$\text{VC}_{\ell}$-dimension and the jump to the fastest speed of a hereditary $\mathcal{L}$-property

TL;DR

This paper explores the relationship between the growth rates of hereditary classes of finite structures and a generalized VC-dimension, revealing a sharp dichotomy in their possible speeds based on model-theoretic properties.

Contribution

It establishes a stronger gap in the growth rates of hereditary properties and characterizes this gap using the concept of VC_{ell}-dimension, linking combinatorial and model-theoretic perspectives.

Findings

Identifies a dichotomy in the speed of hereditary properties: either exponential in n^r or significantly slower.

Strengthens previous results on the gap for properties with arity r ≥ 3.

Connects the growth rate gap to VC_{ell}-dimension and model-theoretic dividing lines.

Abstract

In this paper we investigate a connection between the growth rates of certain classes of finite structures and a generalization of $\text{VC}$-dimension called $\text{VC}_{\ell}$-dimension. Let $\mathcal{L}$ be a finite relational language with maximum arity $r$. A hereditary $\mathcal{L}$-property is a class of finite $\mathcal{L}$-structures closed under isomorphism and substructures.
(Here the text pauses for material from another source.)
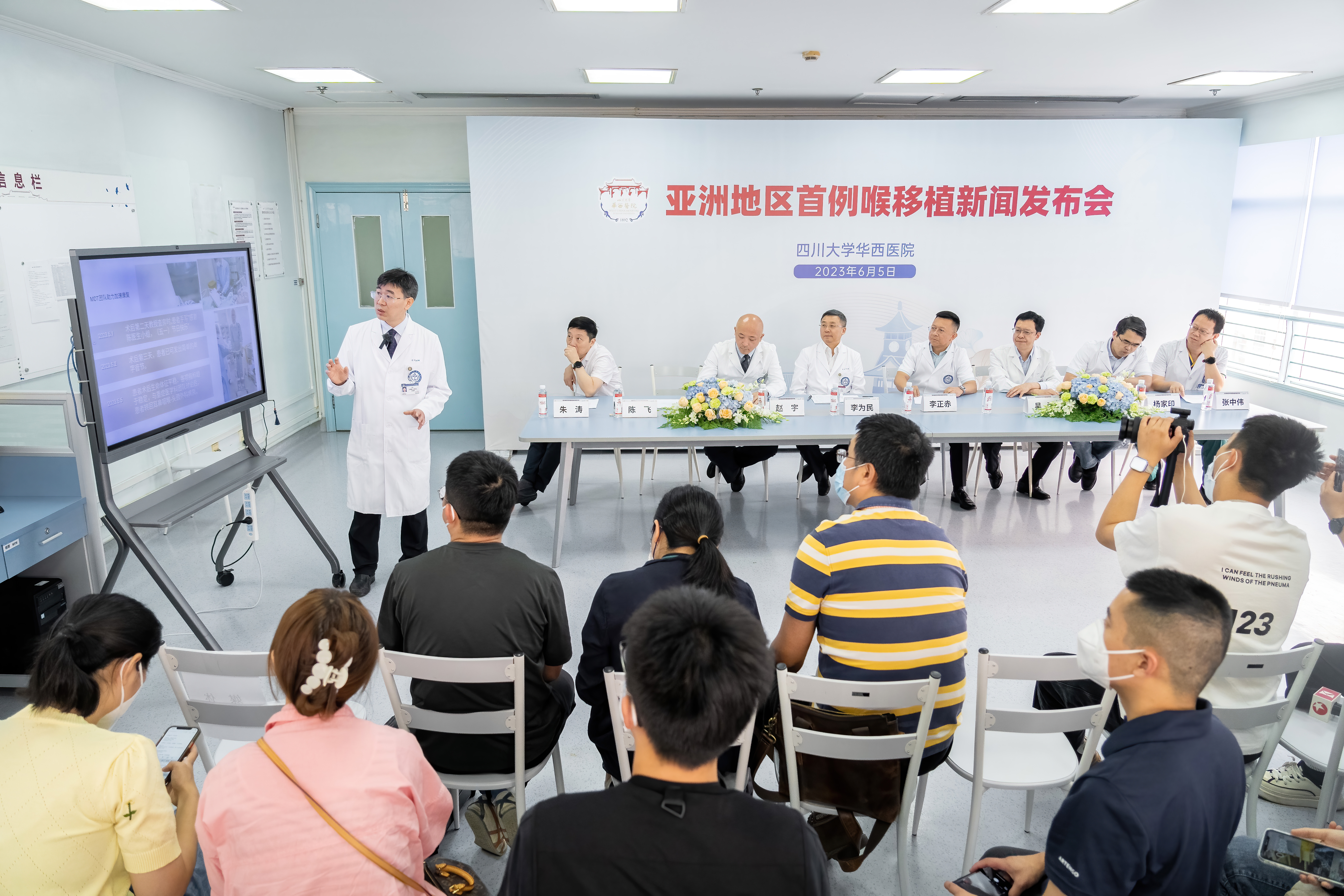 6月5日,四川大学华西医院召开“亚洲首例喉移植新闻发布会”,记者从发布会上获悉,该院耳鼻咽喉-头颈外科陈飞教授团队近日为一名喉癌术后复发的65岁男性成功实施了异体喉-气管-甲状腺联合移植手术,术后,患者恢复良好,异体喉、气管、甲状腺成功存活,功能发挥正常。

The \emph{speed} of a hereditary $\mathcal{L}$-property $\mathcal{H}$ is the function which sends $n$ to $|\mathcal{H}_n|$, where $\mathcal{H}_n$ is the set of elements of $\mathcal{H}$ with universe $\{1,\ldots, n\}$. It was previously known there exists a gap between the fastest possible speed of a hereditary $\mathcal{L}$-property and all lower speeds, namely between the speeds $2^{\Theta(n^r)}$ and $2^{o(n^r)}$. We strengthen this gap by showing that for any hereditary $\mathcal{L}$-property $\mathcal{H}$, either $|\mathcal{H}_n|=2^{\Theta(n^r)}$ or there is $\epsilon>0$ such that for all large enough $n$, $|\mathcal{H}_n|\leq 2^{n^{r-\epsilon}}$. This improves what was previously known about this gap when $r\geq 3$. Further, we show this gap can be characterized in terms of $\text{VC}_{\ell}$-dimension, therefore drawing a connection between this finite counting problem and the model theoretic dividing line known as $\ell$-dependence.